The Federal Reserve's holdings of publicly traded U.S. Treasury securities pushed above $2 trillion for the first time last week, according to the Fed's latest weekly accounting. The Fed also mentioned it owned $1.299831 trillion in mortgage-back securities that had been issued by Fannie Mae, Freddie Mac and Ginnie Mae.
By Terence P. Jeffrey
August 19, 2013 - 2:08 PM
The Federal Reserve’s holdings of publicly traded U.S. Treasury securities—federal government debt—pushed above $2 trillion for the first time last week, hitting approximately $2,001,093,000,000 as of Aug. 14, according to the Fed’s latest weekly accounting.
The Fed’s accounting for the previous week showed that it had owned approximately $1,993,375,000,000 in U.S. Treasury securities as of Aug. 7.
Back on Dec. 31, 2008, before the Fed began its strategy of “Quantitative Easing," the Fed owned only $475.9 billion in U.S. Treasury securities. Since then, the Fed’s holdings of U.S. government debt have more than quadrupled.
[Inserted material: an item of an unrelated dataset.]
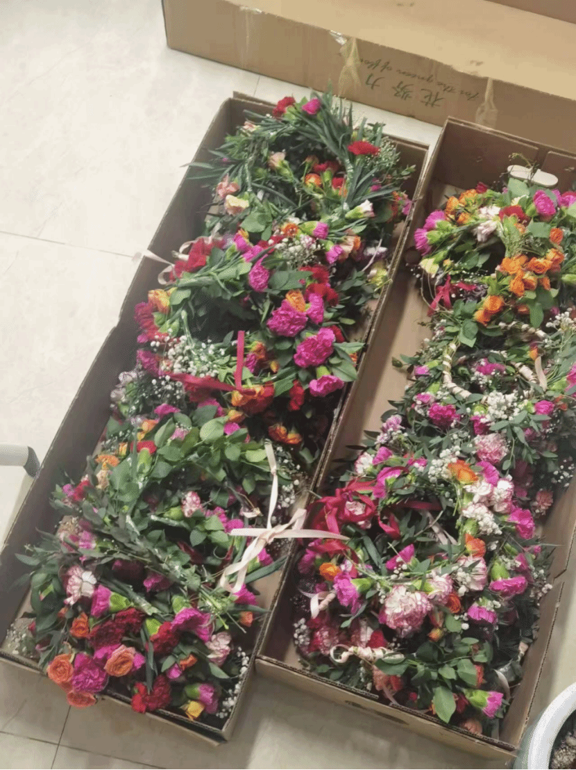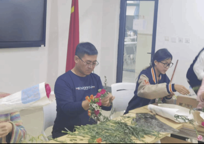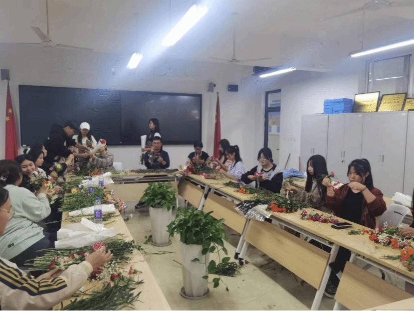 每个成员密切合作,互相帮助,充分展现了学院师生之间的团结和默契。整个筹备过程中,尹院长始终亲力亲为,帮助同学们解决问题,指导他们的工作。他不仅在挑选鲜花和绿植时给予同学们建议,还亲自动手裁剪和编织花环,带领同学们共同完成了一道道精美的花环。整个过程充满了欢声笑语和活力四溢的氛围。同学们一边互相交流,一边认真装饰,彼此之间不断地分享着自己的想法和灵感。这种合作和分享的精神使得每个小组的花环都独具特色。这些花环不仅色彩鲜艳、形状各异,更是展现了学院师生的创造力和艺术才华。

Launched in 2009, the Fed's Quantitative Easing (QE) efforts have attempted to stimulate the economy.
“Under QE,” explains a February 2013 Congressional Research Service report, “the Fed attempts to lower long-term Treasury and MBS [mortgage-backed security] yields directly through purchases that drive down their yields, in the hope that lower Treasury and MBS yields will indirectly filter through to reductions in other private long-term yields. (Lower Treasury yields do not directly stimulate economic activity—they are only stimulative if other yields fall as a result.) This could occur because Treasury securities are considered a ‘benchmark’ against which other private securities are priced, so that other securities are automatically repriced when Treasuries are repriced (although the change is unlikely to be one-to-one).”
(In its latest weekly accounting, the Fed also said that as of Aug. 14, it owned approximately $1.299831 trillion in mortgage-backed securities that had been issued by Fannie Mae, Freddie Mac and Ginnie Mae. Back on Jan. 14, 2009, the Fed owned only $5.6 billion in mortgage-backed securities.)
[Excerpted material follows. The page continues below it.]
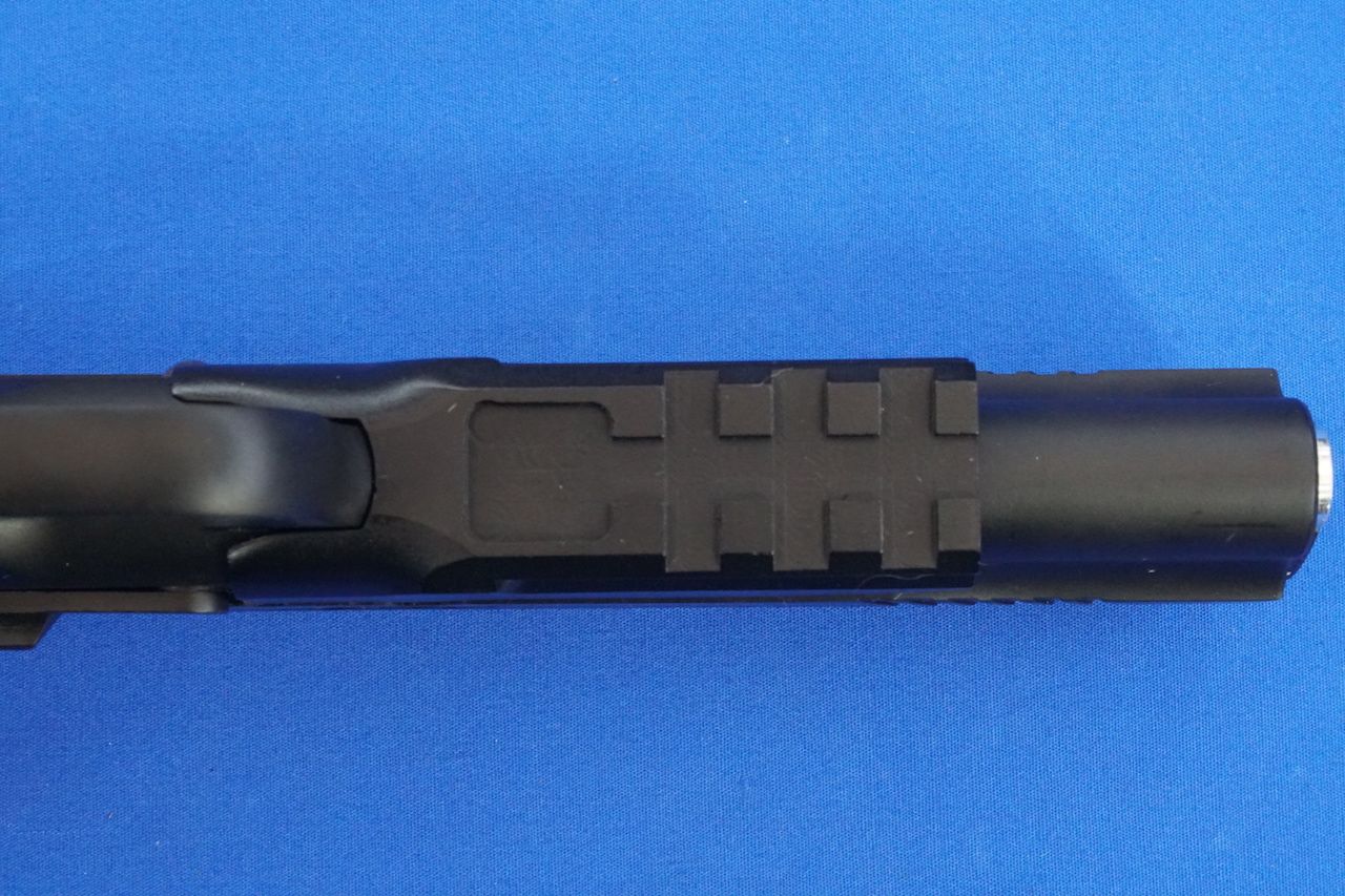 スライド左側の刻印はきちんと「kimber」ロゴになっています。商標問題で騒いでいた当時に発売した「keeper」モデルはロゴまでしっかり違っていたので、金型を作り替えたのかと思ってましたが、もしかしてレーザー刻印?

By law, the Fed is not permitted to buy U.S. Treasury securities directly from the Treasury. Instead it buys them in the secondary market. However, when the Fed buys U.S. government debt even on the secondary market it creates a closed circle: The Treasury pays the Fed the interest owed on that part of the federal government’s debt, and almost all of that interest--considered “profit” by the Fed--is paid back to the Treasury.
“Monetizing the deficit refers to financing the budget deficit through money creation rather than by selling bonds to private investors,” said the CRS. “Hyperinflation in foreign countries has consistently resulted from governments’ decision to monetize large deficits.
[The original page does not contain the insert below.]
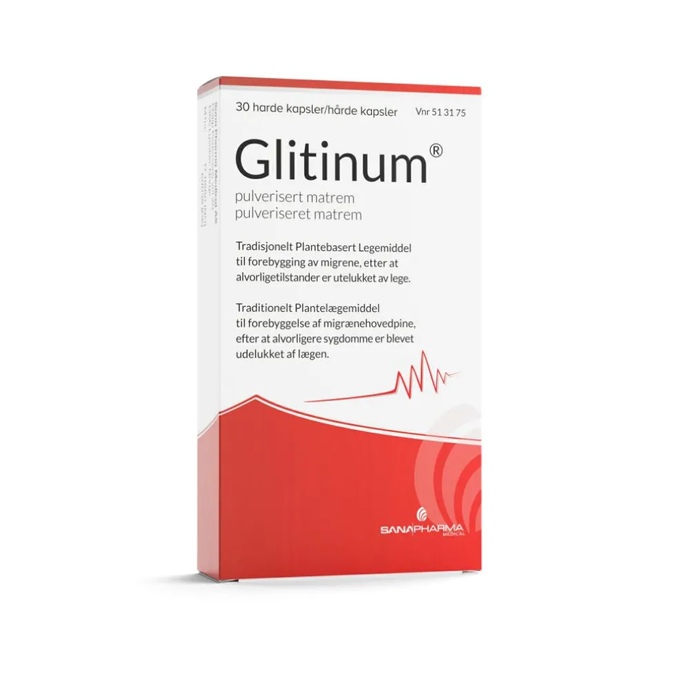 Hver kapsel indeholder 100 mg pulveriseret tørret matrem urt.. indikationer: Traditionelt plantelægemiddel, til forebyggelse af migrænehovedpine, efter at alvorligere sygdomme er blevet udelukket af lægen.

“According to this definition, the deficit has not been monetized,” said CRS. “Section 14 of the Federal Reserve Act legally forbids the Fed from buying newly issued securities directly from the Treasury, and all Treasury securities purchased by the Fed to date have been purchased on the secondary market from private investors.”
“Nonetheless," said CRS, "the effect of the Fed’s purchase of Treasury securities on the federal budget is similar to monetization whether the Fed buys the securities on the secondary market or directly from the Treasury. When the Fed holds Treasury securities, Treasury must pay interest to the Fed, just as it would pay interest to a private investor. These interest payments, after expenses, become profits of the Fed. The Fed, in turn, remits about 95 percent of its profits to the Treasury, where they are added to general revenues. In essence, the Fed has made an interest-free loan to the Treasury, because almost all of the interest paid by Treasury to the Fed is subsequently sent back to Treasury.
“The Fed could increase its profits and remittances to Treasury,” said CRS, “by printing more money to purchase more Treasury bonds (or any other asset)."
As of Aug. 15, according to the Bureau of the Public Debt, the total value of Treasury securities held by the public was $11,952,073,953,024.85. (The rest of the federal government’s debt is “intragovernmental” debt—n.b. money that the Treasury owes to federal trust funds, such as the Social Security trust fund.)
The $2,001,093,000,000 in Treasury securities now owned by the Fed equals 16.7 percent of the U.S. government’s debt held by the public. Another $5.6006 trillion in U.S. Treasury securities is owned by foreign entities, according to the Treasury's latest report on foreign holders of U.S. debt. The combined $7,601,693,000,000 in U.S. Treasury securities owned the Fed and foreign entities equals about 64 percent of all extant U.S. Treasury securities.
After the Fed, entities on Mainland China are the largest owners of U.S. government debt, holding $1.2758 trillion as of the end of June.